Over the course of this series, we’ve talked about various concepts that designers use to try and make their game replayable. At the end of the day, whether its biomes, items, enemies, random generation, or procedural generation, the goal is to keep the game experience varied.
Once the player starts to feel like they’re just repeating the same things over, then the magic is lost. With the popularity of rogue-like and rogue-lite designs today, many game designers use the elements we’ve mentioned over this series to combat that.
However, when it comes down to true replayability, we need to define what really creates it.
Variance for our post will be defined by how many different and viable ways the game can be played. “Different and Viable” are important for the context of today’s post, and where lesser rogue-likes slip up.

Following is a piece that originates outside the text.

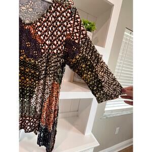 New Directions Woman 3X Asymmetrical Tunic Top Boho Abstract Print Stretch

In earlier talks about random and procedural design, I talked about micro and macro changes in the games. Micro changes impact the short-term play of a title, and macro affects the experience over the entire playthrough. A quick example would be how what can appear in a biome’s play-space would be micro, and the actual design and variables would be the macro.
The importance of defining variance by being different and viable is crucial to our talk. The problem with many titles that make use of randomized elements is that they don’t create a different way of play. This is especially true of the survival genre, and how it really is the least replayable of games built on random gamespaces.

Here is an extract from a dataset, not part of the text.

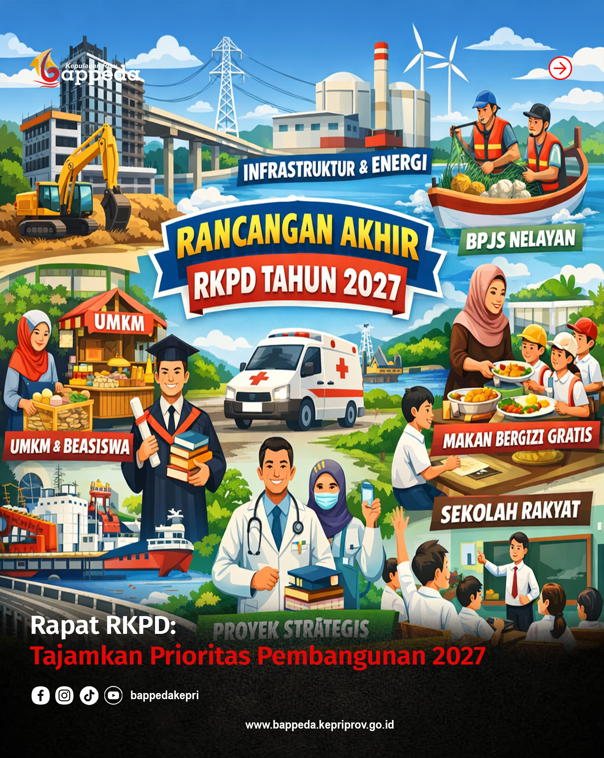Rapat ini diikuti oleh berbagai unsur, mulai dari sekretariat daerah, dinas-dinas teknis, badan, hingga instansi pendukung lainnya di lingkungan Pemerintah Provinsi Kepulauan Riau. Melalui pembahasan ini, Pemerintah Provinsi Kepulauan Riau menargetkan penyusunan RKPD Tahun 2027 dapat berjalan optimal dan menjadi landasan kuat dalam mendorong pembangunan daerah yang berkelanjutan dan berdaya saing.

The reason is that the player’s objectives are always the same no matter what, and so are the resources needed. It doesn’t matter how detail you generate a new area if the player is doing the same thing each time. This is also where the importance of biomes comes into play. Due to the biomes directly impacting what can appear, they will alter how the game is played.

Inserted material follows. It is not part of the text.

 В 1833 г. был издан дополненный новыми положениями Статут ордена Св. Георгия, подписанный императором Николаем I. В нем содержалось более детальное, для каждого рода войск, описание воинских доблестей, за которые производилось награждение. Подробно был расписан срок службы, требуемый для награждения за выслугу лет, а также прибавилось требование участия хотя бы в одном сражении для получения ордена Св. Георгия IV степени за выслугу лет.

Going back to Spelunky for a second, while it is an amazing game and example of procedural generation, it doesn’t have a lot of variance. The only elements that change what the player will respond to are the biomes (cave, jungle, ice, temple, hell).
However, because the player does each one in the same order regardless of the playthrough, it’s not really creating a different play. The only exceptions are the events that can happen (spider invasion, UFO, darkness) that changes the state of the level.
Where viable comes in is with one of the basic tenets of games that generate content: The content must be beatable by the player on any given run. If the pool of winnable elements is too small, it creates situations where there are only a limited number of ways to actually beat the game. A big problem with FTL was that no matter how well the run played out, unless the player had the means to specifically counter the rebel ship at the end, they were going to lose.
Another point is games that use persistent systems to unlock the way to win over the course of multiple runs. We see this in games like Rogue Legacy or In Celebration of Violence, where the player had no way to win the game on their first set of runs, and had to level up to stand a chance.
Before we talk about how to actually create variance in your title, let’s briefly look at one of the best examples.
The Binding of Isaac is one of my favorite games and one of the best examples of variance. The key to Isaac’s replayability comes down to how many elements are shuffled throughout a given run. Playing the game, here are the elements that I know are fixed:
How to control Isaac
The Biome layers to expect
What room types could appear
Who are the end bosses
Now, here’s what the game shuffles up on each playthrough:
What rooms will be used
What enemies (and their variants) will fill the rooms
What items will appear
What Biome variants will be used
What regular bosses (and their variants) will be used
Will a curse modifier be applied
A typical BOI run can last between 30 minutes to an hour, but I know that no matter how many times I play it, I’m going to get a completely different experience.
Not only that, but due to how the game handles persistence, by unlocking new items and harder levels through play, I can technically beat BOI on the very first run. Granted, that first run will be tame compared to one several hours in, but it’s a great example of growing the design.
The key to creating variance is to do everything you can to reduce the number of set or fixed elements in your game. If the player always knows that X is going to happen, or that they will require item 1, in turn, that creates a repeatable pattern.
Games that are built on a high degree of variance keep the player guessing as to what they’re going to encounter and how to deal with it. From our talk on multiplayer, this is why playing against other human players provide variance compared to an AI with a fixed number of ways to play.
Even if your game does have a fixed endpoint, there is a lot you can do to keep the game from becoming routine. You could have alternate wins, different events that could show up, and more.
One of the most important parts about variance in design is the fact that people are going to be replaying your game. What that means is that the overall experience in terms of length should remain consistent, but what you want to add are more elements to make the play different. As we’ve talked about, look at games like XCOM2 or BOI as examples of supplemental content.
Variance by itself does not make a game good or bad, but it’s often a part of great game design. Just throwing in procedural or random events doesn’t mean that people will want to play your game over again if the path through remains the same.
To wrap up: Can you think of games that have done a good job of providing variance that we didn’t talk about?